As you’re following the South Beach Diet, chances are you’re preparing more homemade meals, and that’s good news. But there are some precautions to take. If you’re not careful about properly thawing frozen foods, for example, you become more susceptible to food-borne illnesses. The key to defrosting foods is to keep them at a safe temperature during the thawing process. As soon as food begins to defrost and become warmer than 40°F, bacteria can start to grow and spread. That’s why food should never be thawed and kept on the kitchen counter or placed in warm water. Here are some guidelines to consider the next time you’re thawing frozen food to help prevent food-borne illnesses:
Refrigerator thawing: The safest way to defrost food is to keep it in the refrigerator at 40°F or below. Frozen foods usually require 24 hours of thawing in the fridge for each 5 pounds of weight. But even smaller amounts of frozen food — such as a pound of ground beef or chicken breasts — usually take a whole day (8 to 9 hours) to defrost. Normally if you thaw food for an entire day in the refrigerator, it will stay good for another day or two before cooking (fish is an exception, enjoy it as soon as possible). Red meat, however, can last up to five days after thawing.

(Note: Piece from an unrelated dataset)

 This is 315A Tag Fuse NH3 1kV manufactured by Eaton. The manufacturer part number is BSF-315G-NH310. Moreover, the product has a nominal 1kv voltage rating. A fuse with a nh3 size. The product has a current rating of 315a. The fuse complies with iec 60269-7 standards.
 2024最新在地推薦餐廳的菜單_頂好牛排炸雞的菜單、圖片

Best for: leftovers, meat, poultry, fish
Cold-Water thawing: Cold-water thawing is faster than using the refrigerator, but it requires more attention. First of all, the food you’re thawing must be in a leak-proof package or plastic bag. Any openings in the package could allow bacteria from the air or the surrounding environment to come into contact with the food and potentially contaminate it. Next, submerge the entire bag of food in the cold water, changing the water every 30 minutes. If you have just a small amount of meat or poultry (1 pound or less), it should only take an hour (maybe even less) to defrost with this method. A larger amount, such as a whole chicken, may take up to 2 to 3 hours (or sometimes longer, depending on the size). Once the food is completely thawed, it should be cooked immediately.

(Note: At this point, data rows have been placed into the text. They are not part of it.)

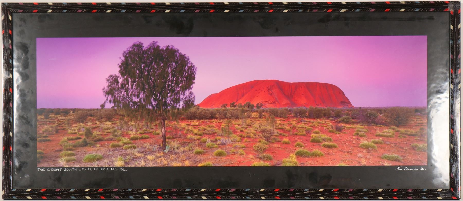 Here is a very beautiful photograph, taken by the famous Ken Duncan. He is a well known pioneer in the Limited Edition Art field, in Australia since the 1980's. It is entitled " The Great South Land Uluru, N.T" and is located in Uluru-Kata National Park. Now a days, the government owns everything in that area. But, according to the original Aboriginal concept called " Tjukurpa".... " We do not own the land; the land owns us ! ". It is 15" tall x 35 1/8" wide, and is # 59/ 200 produced. Perfect condition set in black multi colored diamond type frame, and signed by the artist. Excellent opportunity to get a great piece of art !! ( RH)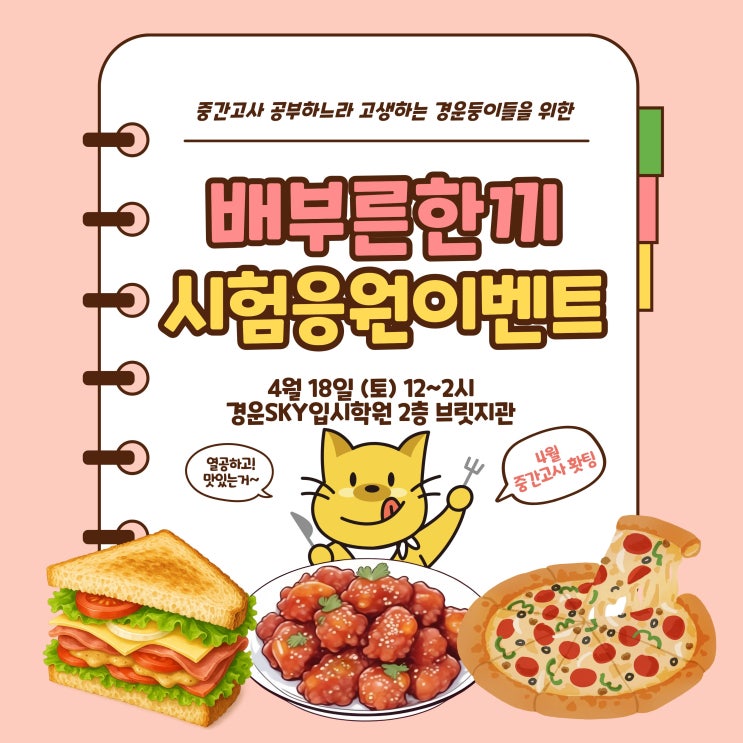 대구 수학학원 열심히 공부 중인 경운둥이 모두 함께 즐기는 맛있고 배부른 한끼 이벤트 시작해야죠? 대구 중간고사 학원 응원 이벤트 중간고사 공부하느라 고생하는 경운둥이들을 위한 배부른 시험응원 이벤트! ✔️4월18일(토)12~2시 ✔️경운SKY입시학원 2층 브릿지관 맛있게 먹으면서 남은 기간 열공하자 단순한 급식이 아닌 아이들이 먹고 싶은 메뉴를 직접 반영해서 차린 말 그대로 학생들을 위한 한 끼 입니다 평리동 공부방 함께 공부하는 느낌 같이 즐겨봅시다 내신 시험 기간에 진행되는 이 이벤트는 공부하느라 지친 몸과 마음에 맛있는 음식으로 활력을 불어넣은 이벤트 얘들아 뭐 먹고싶어? 피자, 샌드위치, 치킨, 볶음밥등....... <img src="https://blogthumb.pstatic.net/MjAyNjA0MTZfMTc3/MDAxNzc2MzE1Mzc5NDgz.SrGIPLgoCzgAfwp1hq-1kXBGdnp42mFl1xwyNaTrq-Mg.syVZnOigLnnghd3ySmv_Xz_uWiIweE_1OGJ7l8KAGqYg.JPEG/1776315267983.jpg?type=s3" />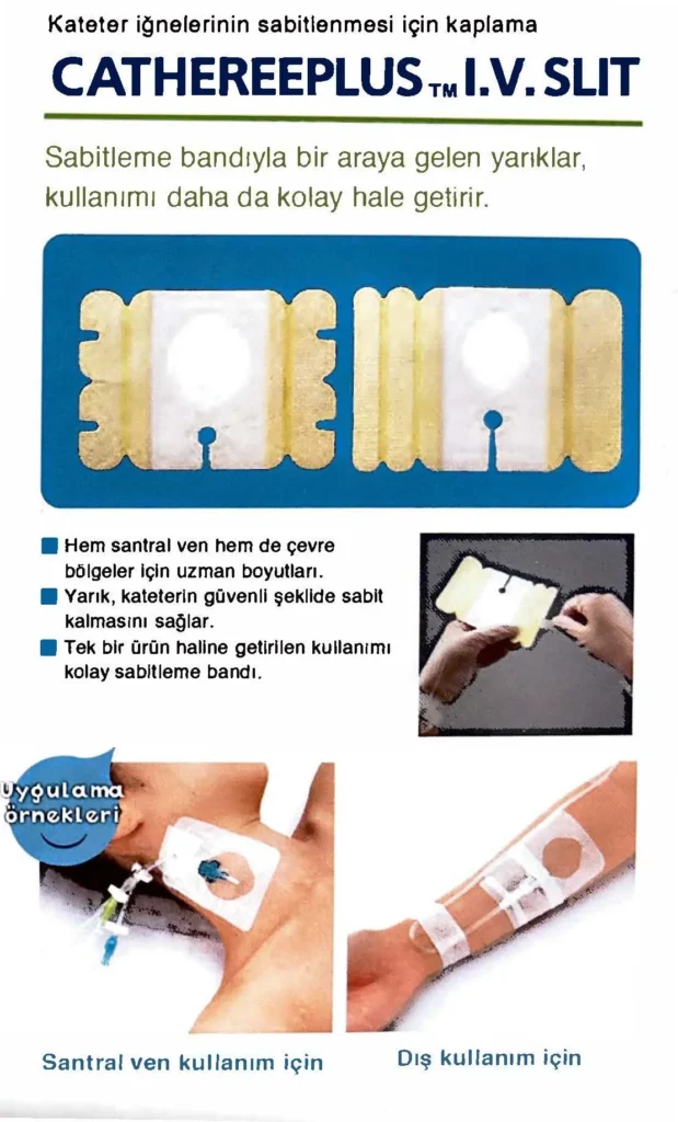 Dokuma olmayan bez, taşıyıcı bir film olmadan elmas şeklinde bir pencere kullanarak kateter iğnelerini güvenli bir şekilde sabit tutar.

Best for: whole chickens and turkeys; chicken and turkey breasts
Microwave thawing: Most microwaves now have a pre-set button for thawing frozen foods. Keep in mind that when you thaw in the microwave, some areas of the food may become warm and start to cook as it defrosts. Keeping defrosted food sitting in the microwave is not recommended because bacteria can grow when a certain temperature is reached. As with cold-water thawing, food that is thawed in the microwave should be cooked immediately after defrosting.